Lecture 16 - Introduction to deep learning Flashcards
What is regularization in machine learning?
Techniques designed to reduce test error, even at the cost of increasing training error, to balance model complexity and data.
Think of regularization as a “balancing act” that prevents overfitting by simplifying the model’s behavior.
Name three common regularization techniques in deep learning.
Dropout: Temporarily disables random neurons during training.
Early Stopping: Halts training when validation error stops improving.
Parameter Norm Penalties: Penalizes large weights (e.g., L1/L2 norms).
What is dropout, and why is it used?
Dropout prevents overfitting by randomly dropping units (neurons) during training, making the model less reliant on specific features.
Define Early Stopping.
A method to avoid overfitting by stopping training when validation set performance no longer improves.

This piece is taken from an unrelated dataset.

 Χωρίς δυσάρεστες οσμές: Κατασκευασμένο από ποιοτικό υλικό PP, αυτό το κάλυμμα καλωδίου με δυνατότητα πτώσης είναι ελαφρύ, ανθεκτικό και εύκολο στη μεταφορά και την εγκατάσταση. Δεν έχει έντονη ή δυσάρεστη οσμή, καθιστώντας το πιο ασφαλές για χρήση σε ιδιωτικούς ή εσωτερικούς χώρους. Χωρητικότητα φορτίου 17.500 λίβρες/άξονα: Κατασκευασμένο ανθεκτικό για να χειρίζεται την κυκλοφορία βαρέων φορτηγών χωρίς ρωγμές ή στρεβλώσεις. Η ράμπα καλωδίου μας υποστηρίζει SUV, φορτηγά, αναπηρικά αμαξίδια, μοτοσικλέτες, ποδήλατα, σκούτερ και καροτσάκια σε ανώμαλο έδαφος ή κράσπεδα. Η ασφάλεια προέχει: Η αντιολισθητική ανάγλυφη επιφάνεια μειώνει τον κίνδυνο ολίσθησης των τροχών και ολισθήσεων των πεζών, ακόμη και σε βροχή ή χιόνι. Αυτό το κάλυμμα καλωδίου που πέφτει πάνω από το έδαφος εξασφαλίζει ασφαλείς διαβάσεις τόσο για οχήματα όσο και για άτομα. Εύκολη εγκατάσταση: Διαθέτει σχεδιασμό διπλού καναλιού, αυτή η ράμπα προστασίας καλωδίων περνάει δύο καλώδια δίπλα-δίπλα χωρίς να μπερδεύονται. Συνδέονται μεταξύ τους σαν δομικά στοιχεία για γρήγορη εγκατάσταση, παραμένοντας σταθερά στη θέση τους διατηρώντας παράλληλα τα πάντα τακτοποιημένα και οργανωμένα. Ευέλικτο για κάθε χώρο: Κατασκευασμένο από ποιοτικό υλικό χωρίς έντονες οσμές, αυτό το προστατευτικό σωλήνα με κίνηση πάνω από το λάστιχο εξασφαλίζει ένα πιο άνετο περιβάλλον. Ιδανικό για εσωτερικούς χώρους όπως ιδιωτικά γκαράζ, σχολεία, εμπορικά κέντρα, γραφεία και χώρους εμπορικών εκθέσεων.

What is stochastic gradient descent (SGD)?
A method that updates model weights by calculating gradients on small, random batches of data.
How does momentum improve optimization?
Momentum accumulates gradients over time to accelerate convergence and smooth updates.

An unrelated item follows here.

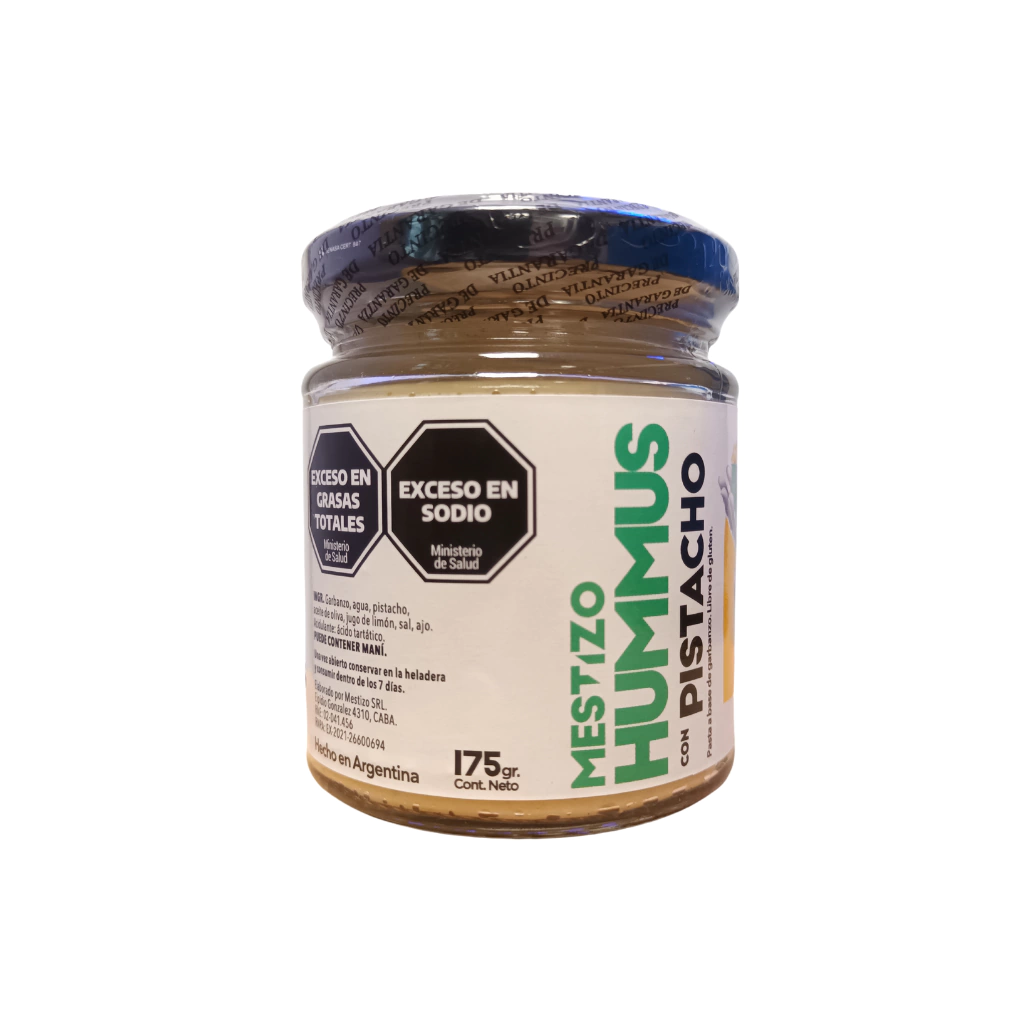 Ingredientes: garbanzo, agua, pistacho, aceite de oliva, jugo de limón, sal, ajo. Acidulante: ácido tartático.

What is the Adam optimizer?
Combines momentum and adaptive learning rates for efficient optimization.
What is the primary purpose of Convolutional Neural Networks (CNNs)?
To process grid-like data such as images or time-series.
What are the three key stages of a CNN layer?
Convolution: Detects features using filters.
Non-linearity: Introduces non-linear decision boundaries (e.g., ReLU).
Pooling: Reduces spatial dimensions for efficiency and invariance.
What are recurrent neural networks (RNNs) used for?
Processing sequential data (e.g., text, time series) by sharing parameters across time steps.
How do RNNs differ from CNNs?
RNNs process data across time (sequentially), while CNNs focus on spatial patterns in grid-like data.
What are parameter norm penalties?
Add terms to the loss function to penalize large weights.
L1 Norm: Promotes sparsity.
L2 Norm: Penalizes the size of weights (weight decay).
Why is dataset augmentation useful?
Generates synthetic data to reduce overfitting, especially in data-scarce domains.